* **YOUR INSTRUCTIONS**: Transcribe exactly the lines from the first line of the records through the line containing "about to reset.", and leave out every picture.
AVAILABLE DATA Block Start
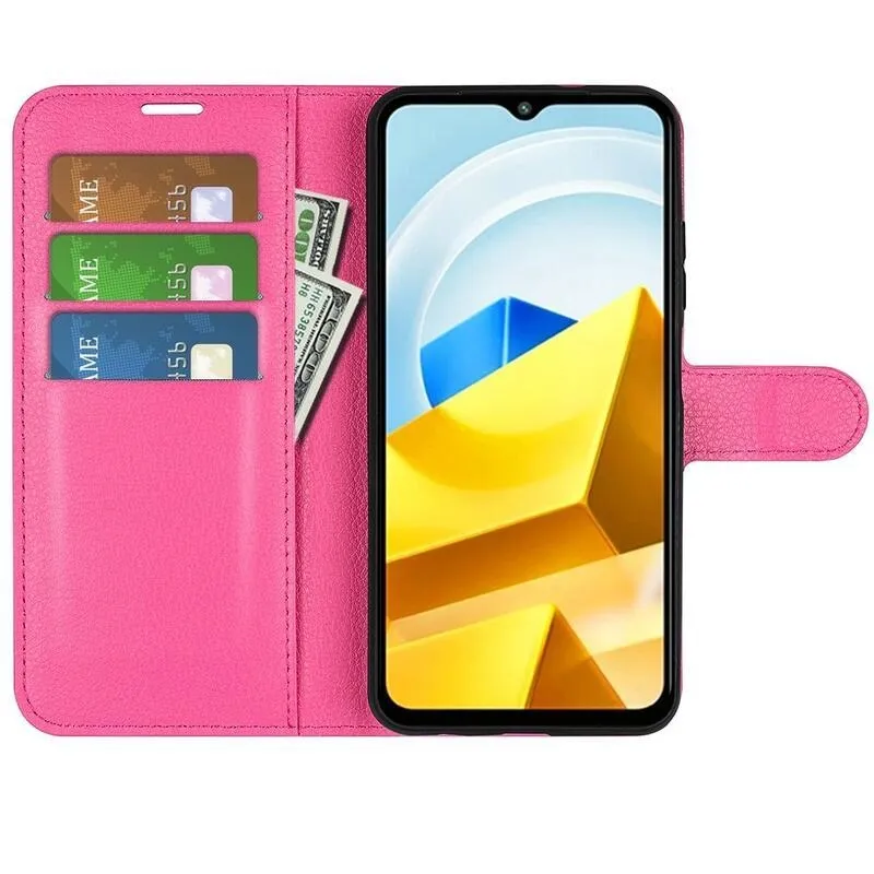 Litchi PU bőr pénztárca tok Xiaomi Poco M5 - rózsa
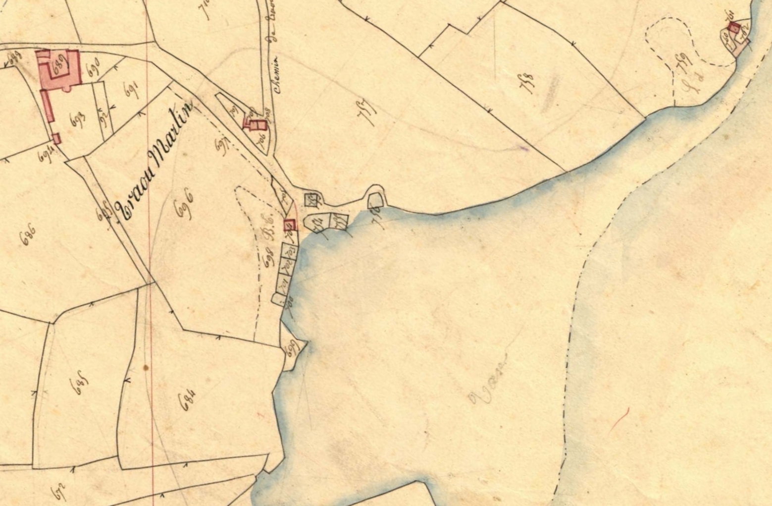 Extrait du cadastre ancien de Minihy-Tréguier, section A3 dite de Saint-Yves, 1835 : "Traou Martin" (ancien manoir et routoirs)Immatriculation
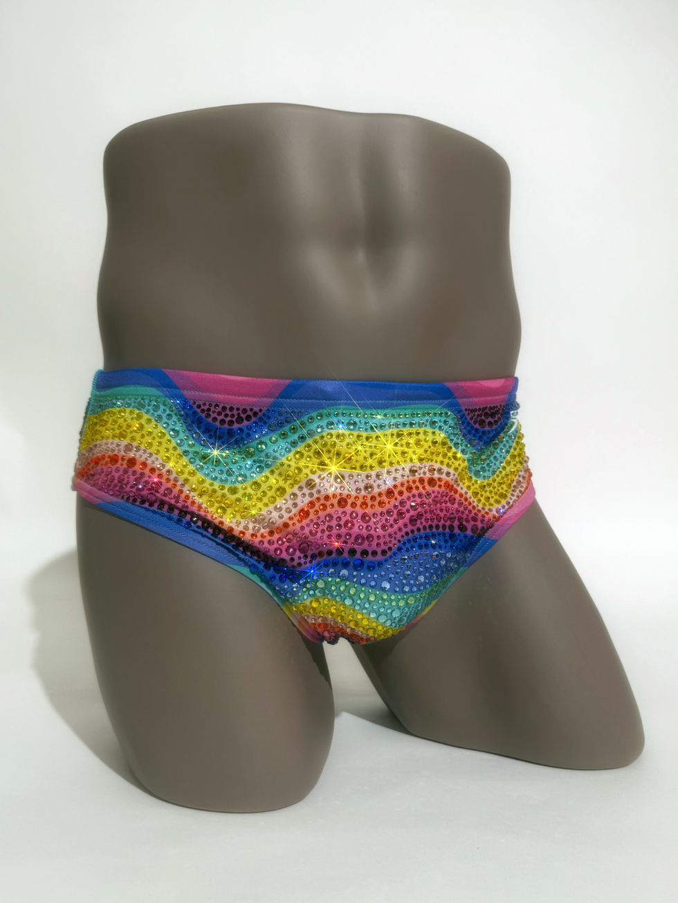 Made to Shine, Designed to Celebrate! Catch every ray—and every eye—with the Pride Rainbow Crystal Swimsuit, a radiant celebration of queerness, joy, and craftsmanship. This piece features a hand-embellished wave of rainbow rhinestones that flow seamlessly across the body, blending bold color with refined technique. Each crystal is carefully placed for ultimate brilliance while maintaining flexibility and comfort.
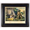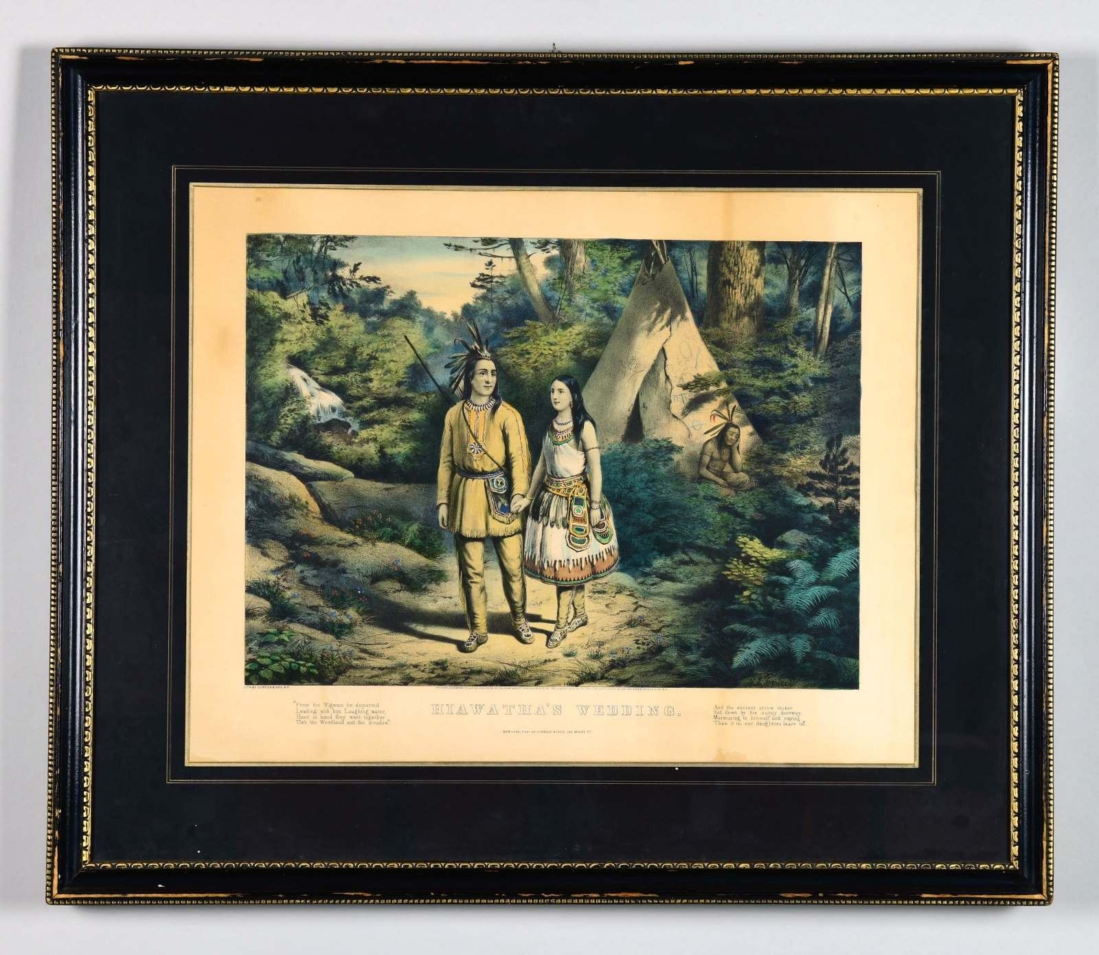 Circa 1858-1860. 1) "Hiawatha's Wedding". Hiawatha and his new wife laughing while walking away from the tent of her father. SIZE: overall 25" x 29 1/2", sight 17" x 22". 2) "Hiawhatha's Wooling". Hiawatha presenting a stag to Minnehaha and her father at his wigwam. SIZE: overall 25" x 29 1/2", sight 17 1/2" x 22 1/2". Each chromolithograph are housed in matching black frames with gold trim matted under glass. CONDITION: both are good with light toning. PROVENANCE: Martin Lane Historic & Western Americana Lifetime Collection. (02-21721/TG). $800-1,200.
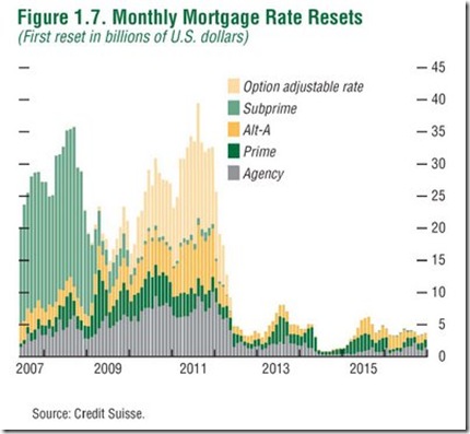…Of far more interest to Bernanke than new mortgages, however, are the masses of people in pay-option ARMs, interest-only mortgages, and regular ARMS which are about to reset.
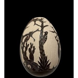 This handcrafted Mata Ortiz pottery olla by artist David Bejarano features intricate designs of a deer, ram, birds, and cactus, showcasing traditional Mexican artistry. Made from white clay, it reflects the rich cultural heritage of Mata Ortiz in Northern Mexico. This beautiful piece shows lots of the beauty in nature all on one very nicely designed pottery piece. David begins with the sgraffito on piece then creates his fabulous design which is one of David's trademarks when making pieces.
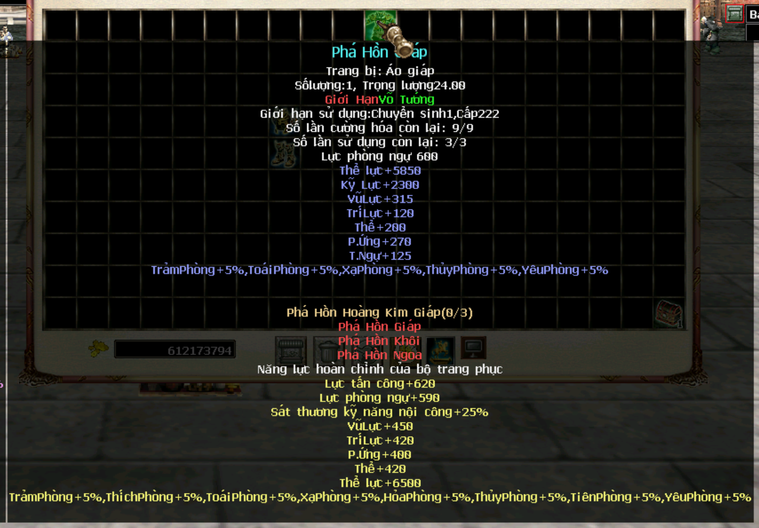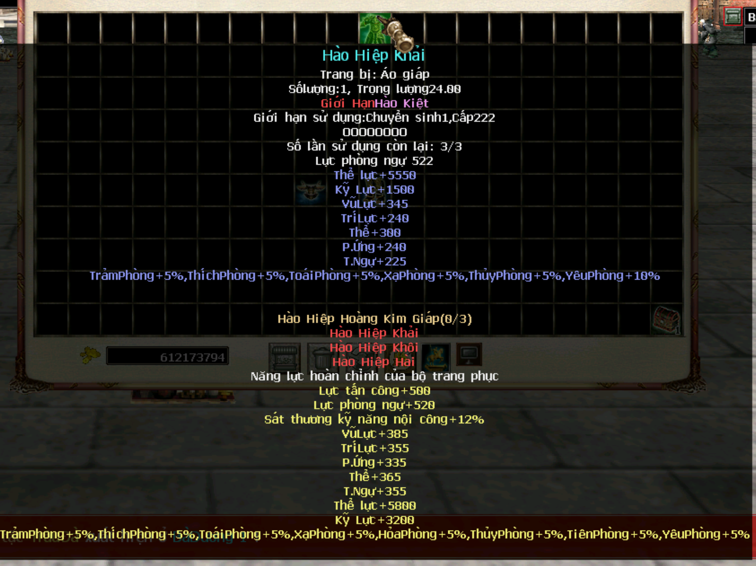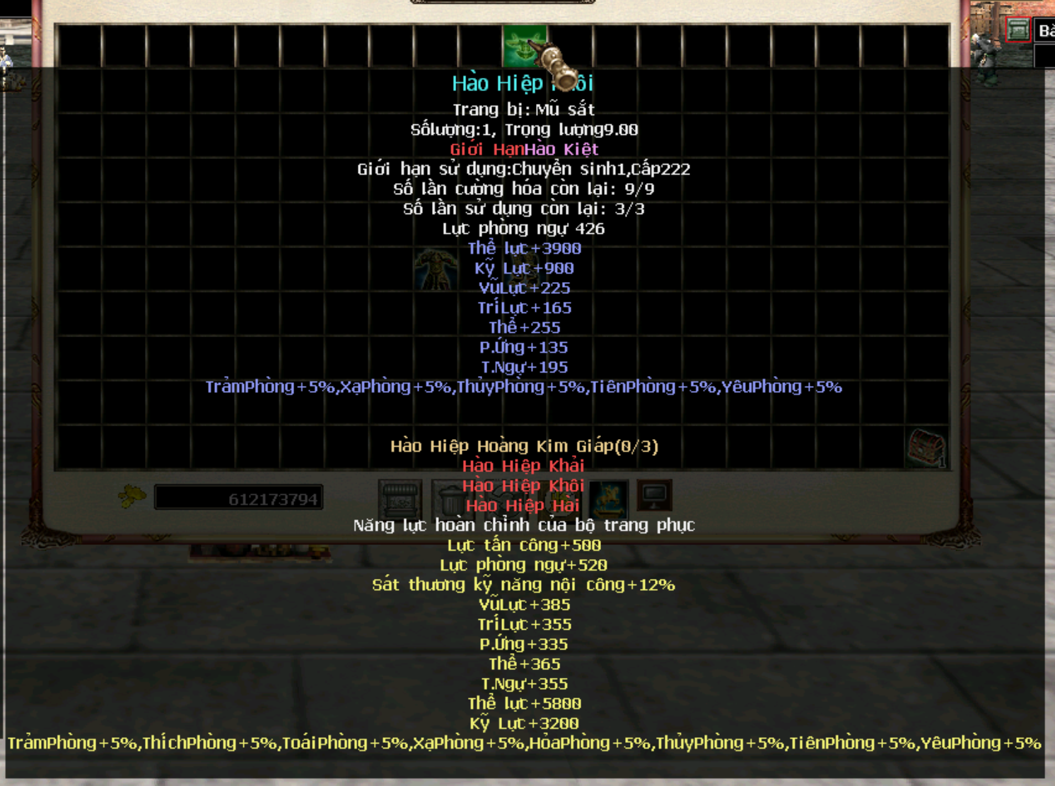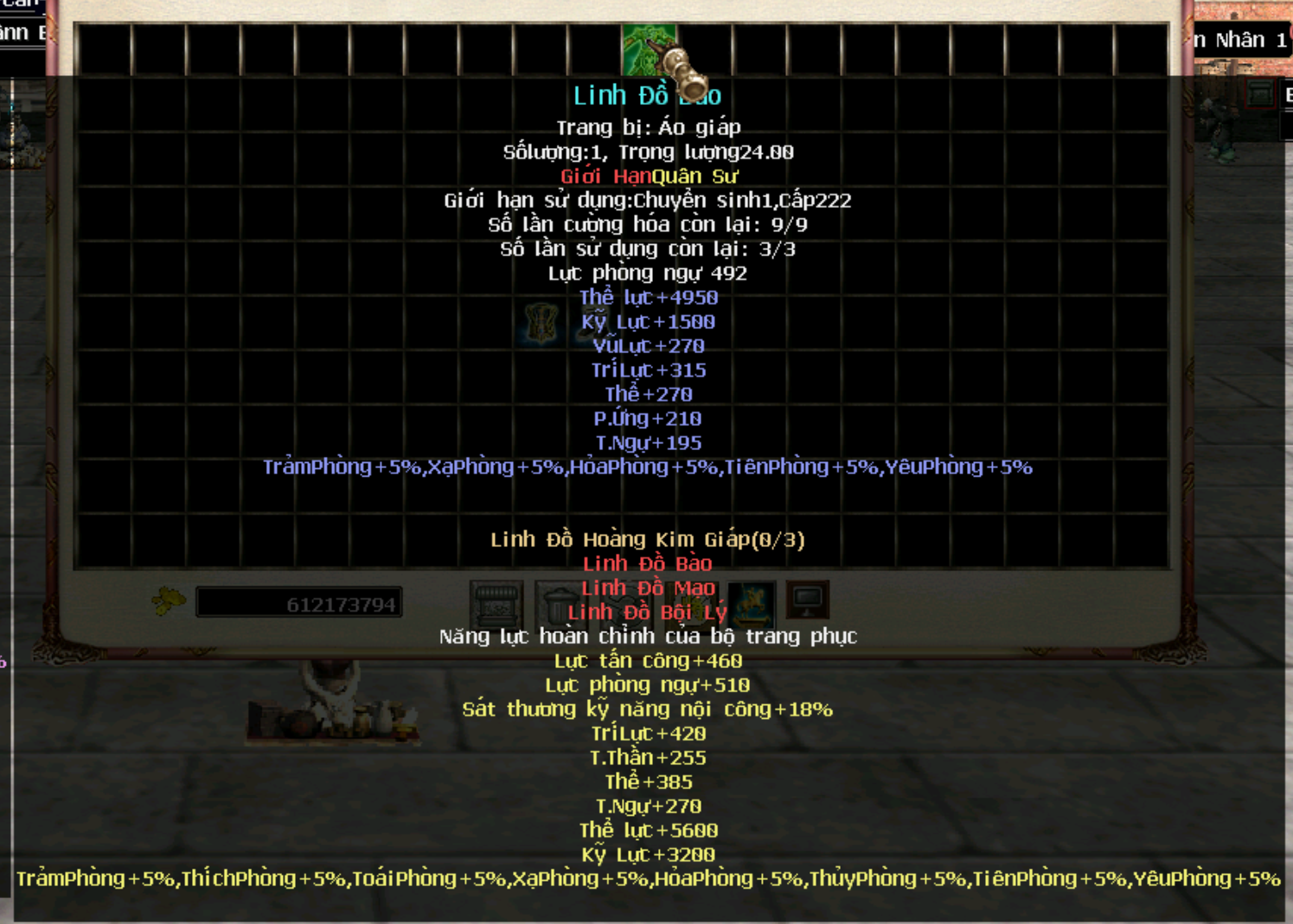 Trang bị Hoàng Kim Giáp cấp 250
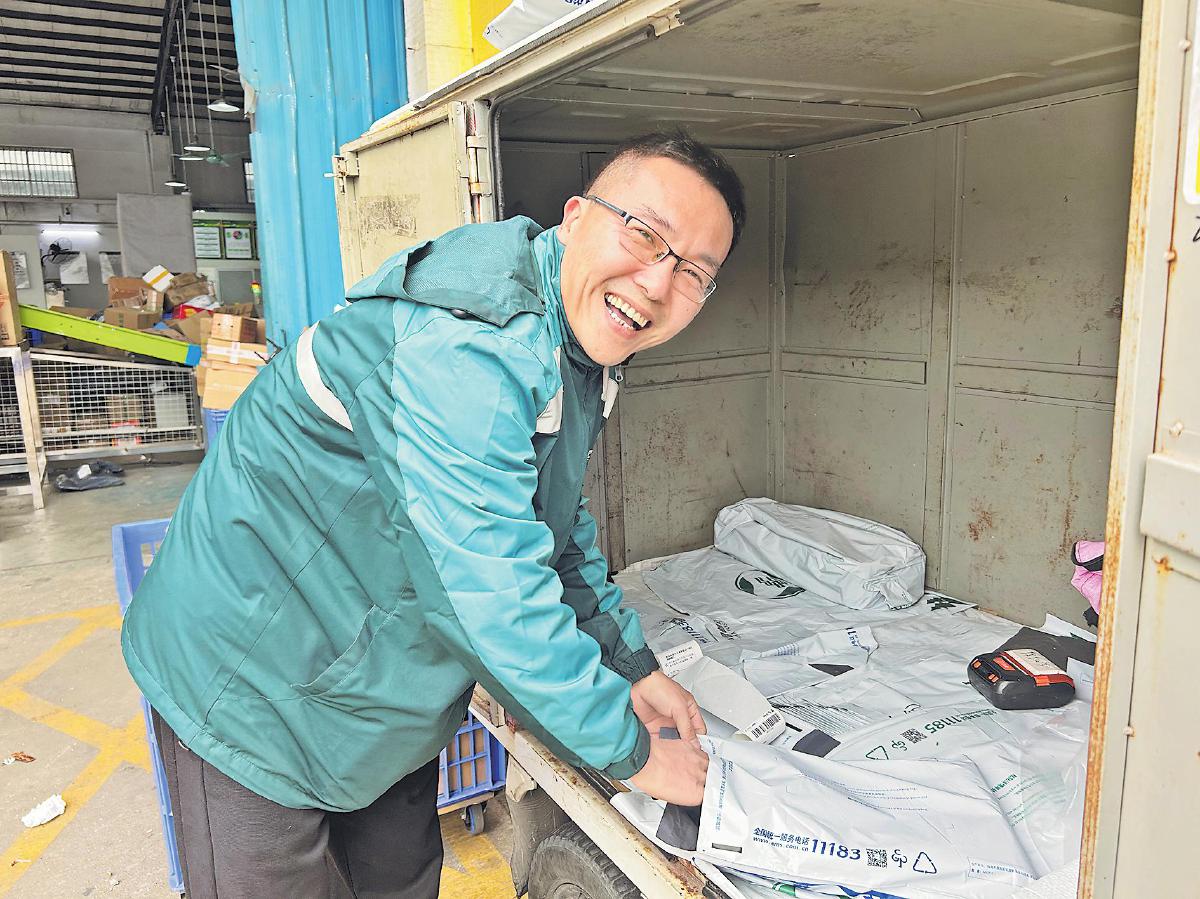 “樂天派”陳敬盛正在處理攬收郵件。
AVAILABLE DATA Block End
* **RESULT**:
 Litchi PU bőr pénztárca tok Xiaomi Poco M5 - rózsa
 Extrait du cadastre ancien de Minihy-Tréguier, section A3 dite de Saint-Yves, 1835 : "Traou Martin" (ancien manoir et routoirs)Immatriculation
 Made to Shine, Designed to Celebrate! Catch every ray—and every eye—with the Pride Rainbow Crystal Swimsuit, a radiant celebration of queerness, joy, and craftsmanship. This piece features a hand-embellished wave of rainbow rhinestones that flow seamlessly across the body, blending bold color with refined technique. Each crystal is carefully placed for ultimate brilliance while maintaining flexibility and comfort.
 Circa 1858-1860. 1) "Hiawatha's Wedding". Hiawatha and his new wife laughing while walking away from the tent of her father. SIZE: overall 25" x 29 1/2", sight 17" x 22". 2) "Hiawhatha's Wooling". Hiawatha presenting a stag to Minnehaha and her father at his wigwam. SIZE: overall 25" x 29 1/2", sight 17 1/2" x 22 1/2". Each chromolithograph are housed in matching black frames with gold trim matted under glass. CONDITION: both are good with light toning. PROVENANCE: Martin Lane Historic & Western Americana Lifetime Collection. (02-21721/TG). $800-1,200.
…Of far more interest to Bernanke than new mortgages, however, are the masses of people in pay-option ARMs, interest-only mortgages, and regular ARMS which are about to reset.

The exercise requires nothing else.